То ей казалось, что можно поверить Жоржу, и, подозвав его, она тихо говорила:
— Вот ключ от буфета, поди достань сахару… Да не забудь запереть хорошенько, а ключ принеси мне.
А на другой день она уже не верила Жоржу и со страхом следила за каждым его движением, словно боялась, как бы он не засунул к себе в карман какую-нибудь безделушку с камина. Она подзывала Шарля и, так же как накануне Жоржу, шептала ему:
— Пойди с горничной, пусть она достанет из шкафа простыни; да приглядывай за ней хорошенько. А шкаф-то сам запри.

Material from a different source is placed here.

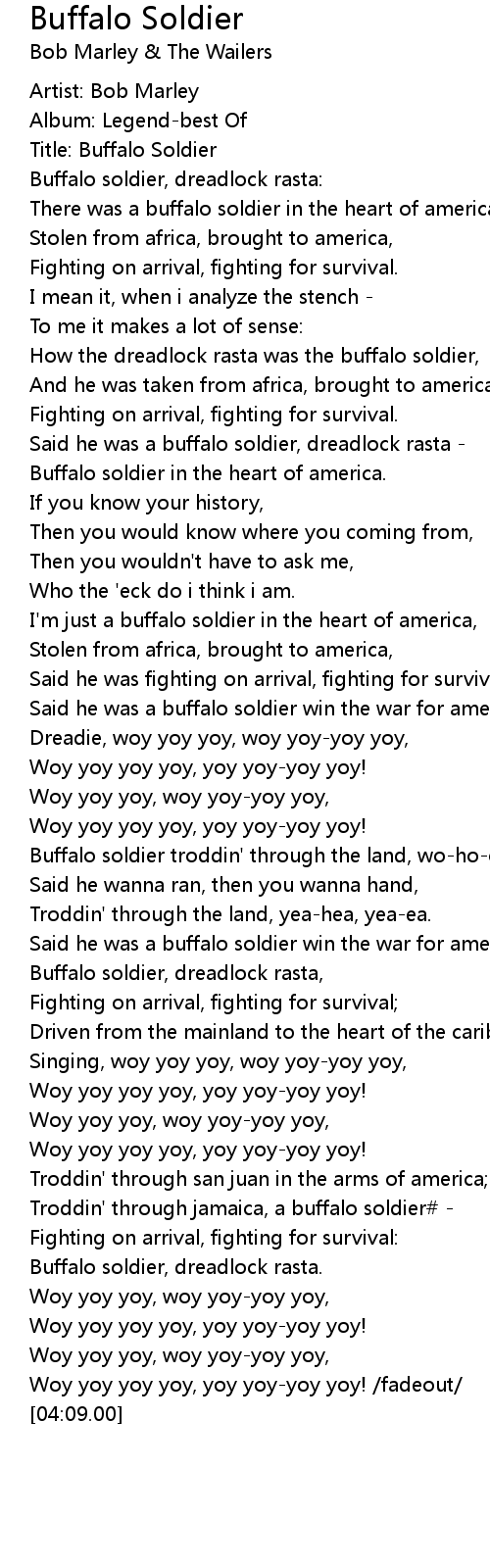 Said he was a buffalo soldier, dreadlock rasta - |
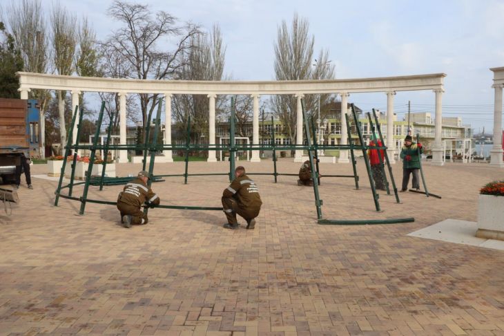 Пока в Крыму фиксируют аномальную жару, в Керчи на центральной площади им. Ленина уже приступили к установке главной городской ёлки.

Больше всего мучило ее то, что она уже не может сама учитывать домашние расходы. Безрассудство сыновей не выходило у нее из головы. Она знала, что все трое — лентяи, обжоры, сумасброды и расточители. Они разбили все ее мечты и на каждом шагу попирали закоренелые ее привычки к строгой бережливости и порядку. Она уже потеряла всякое уважение к ним, и только материнская любовь заставляла ее прощать и терпеть. В ее глазах можно было прочесть мольбу: подождите, не растаскивайте, не делите мое добро, пока я еще жива. Скупая старуха не перенесла бы ужасного зрелища дележа, оно убило бы ее.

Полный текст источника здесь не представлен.